¡Feliz Día de las Escritoras! #LeoAutorasOct

La conmemoración de hoy nació de la necesidad y de la injusticia. De la necesidad de combatir la injusticia del olvido y la marginación de las mujeres en la escritura.

No es ningún secreto que a lo largo de la historia, entre todos los lugares de los que se ha tratado de excluirnos, la literatura ha sido también uno de ellos, quedando relegadas de nuevo al papel de musas, femmes fatales, o Lolitas. No es ningún secreto que durante siglos, las mujeres hemos tenido que publicar bajo seudónimos masculinos, primero para tener siquiera la oportunidad de ser leídas, de que nuestros textos salieran de nuestra habitación propia; y después, para “ser tomadas en serio”. De hecho, aún en la actualidad sigue habiendo casos de mujeres que firman sus libros con nombres masculinos para evitar los prejuicios que la crítica infestada de machirulez y caspa ha vinculado a la “literatura femenina”.
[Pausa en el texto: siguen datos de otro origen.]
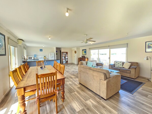 Stay minutes from Long Beach in the quiet cul-de-sac of Baudin Place. Miramare promises all the comforts of home with open plan living, dining and fully equipped kitchen. With 3 bedrooms and 1 bathroom to sleep 8 people, featuring 2 queens and 2 bunk beds. Relax on the gorgeous lounges in front of the large flat screen TV or kick back on the deck with outdoor setting and BBQ. (Located in the shed)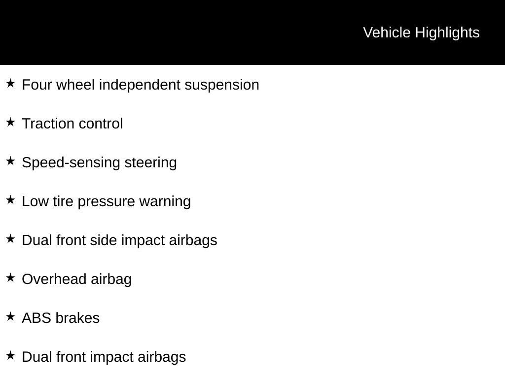 - 4-Wheel Disc Brakes w/4-Wheel ABS, Front Vented Discs, Brake Assist, Hill Descent Control and Hill Hold Control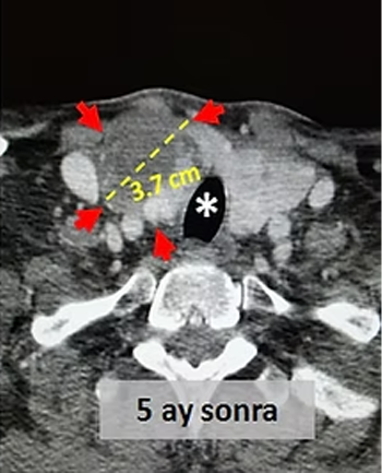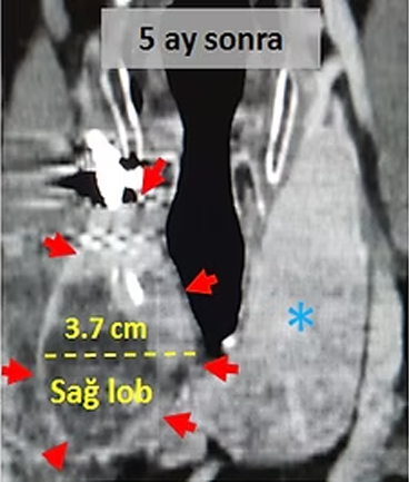 Embolizasyondan 5 ay sonra çekilen kontrol tomografilerinde, embolizasyon uygulanan sağ lobun hacimsel olarak yaklaşık %80 küçüldüğü, büyük nodülün çapının 7cm den 3.7cm ye düştüğü (hacimsel olarak %86 azalma), sağlam olan sol lobun (*) büyüdüğü ve kitlelerin soluk borusuna soluk borusuna (*) yaptığı basının azaldığı izleniyor. Hastada, boyundaki şişlik ortadan kalkmış ve işlemden bir ay sonra nefes darlığı tamamen düzelmiştir.

Qué rabia me da eso de la literatura femenina. La literatura de y para mujeres. ¿Sabéis la mayor diferencia que yo aprecio en los libros escritos por mujeres? Que no tratan a sus personajes femeninos como meras secundarias, hipersexualizadas, que solo están ahí para auxiliar y reafirmar al característico y bien construido protagonista. Que podemos sentirnos identificadas con infinitas mujeres diferentes, e incluso hombres, porque están escritas y escritos desde otro lugar. Desde un lugar más sano y sobre todo real. Porque las mujeres escribimos sobre mujeres de verdad, con problemas, mentes, actos y circunstancias reales, incluso aunque la novela sea de fantasía. Y no sobre una mujer inventada, la mujer que el hombre desea, y la que en muchas ocasiones nos ha hecho creer que somos.

Para ser sincera, creo que no me he conocido realmente a mí misma hasta que no empecé a leer seriamente a mujeres. Toda la vida leemos a hombres, ellos ocupan todos los lugares, la mayoría de los artículos en los medios, la mayoría de las estanterías de las librerías, casi todo el contenido de autores que nos muestran durante los estudios (sea lo que sea que estudiemos). Y estamos tan acostumbradas que ni nos damos cuenta de que los libros en nuestra propia estantería están gobernados por el género masculino. Pero un día lo ves. Y cuando yo lo vi me sentí infinitamente triste e infinitamente alegre a la vez. Cuando me di cuenta de que mi escritor favorito no era Paul Auster, sino que era Siri Hustvedt, una escritora, me alegré muchísimo de encontrarla, pero me dio rabia que fuera a través de su marido. Y esto por poner un leve ejemplo.

El caso es que me conciencié y empecé a cambiar mis lecturas, a prestar más atención al nombre que figura en la portada, que es también el lugar desde el que el libro se escribe, y no fue hasta entonces que me di cuenta de todo esto y empecé a valorar más el trabajo de las escritoras. Y quien dice escritoras dice artistas, músicas, científicas, cineastas… ya me entendéis. Empecé a valorar el hecho de luchar contracorriente a lo largo de toda la historia y continuar haciéndolo actualmente, y empecé a encontrarme en la lectura de un modo que no había sentido antes.

Y empecé también a valorarme a mí misma como escritora. Porque llevo toda la vida escribiendo, no concibo mi vida sino a través del arte y la escritura y, sin embargo, siempre he sentido mucho reparo en llamarme a mí misma escritora, no creyéndome merecedora de ello, haciendo justo lo que durante siglos nos han enseñado a hacer: infravalorarme. Pero lo cierto es que lo soy, y creo que hoy es un buen día para reivindicar nuestro nombre y nuestro lugar en la literatura. Porque creo sinceramente que la mejor manera de combatir esta injusticia, este olvido, este destierro, es leyendo a autoras y escribiendo. Leyéndonos, apoyándonos y escribiendo sin cesar.

Leamos, apoyémonos y escribamos.

Reconozcámonos.

 

Espero que os haya gustado esta pequeña reflexión y que disfrutéis de muchas lecturas. Me gustaría mucho que en los comentarios compartiéramos libros y/o autoras para poder conocer y conocernos más, ampliar nuestras estanterías y abrir más nuestros ojos.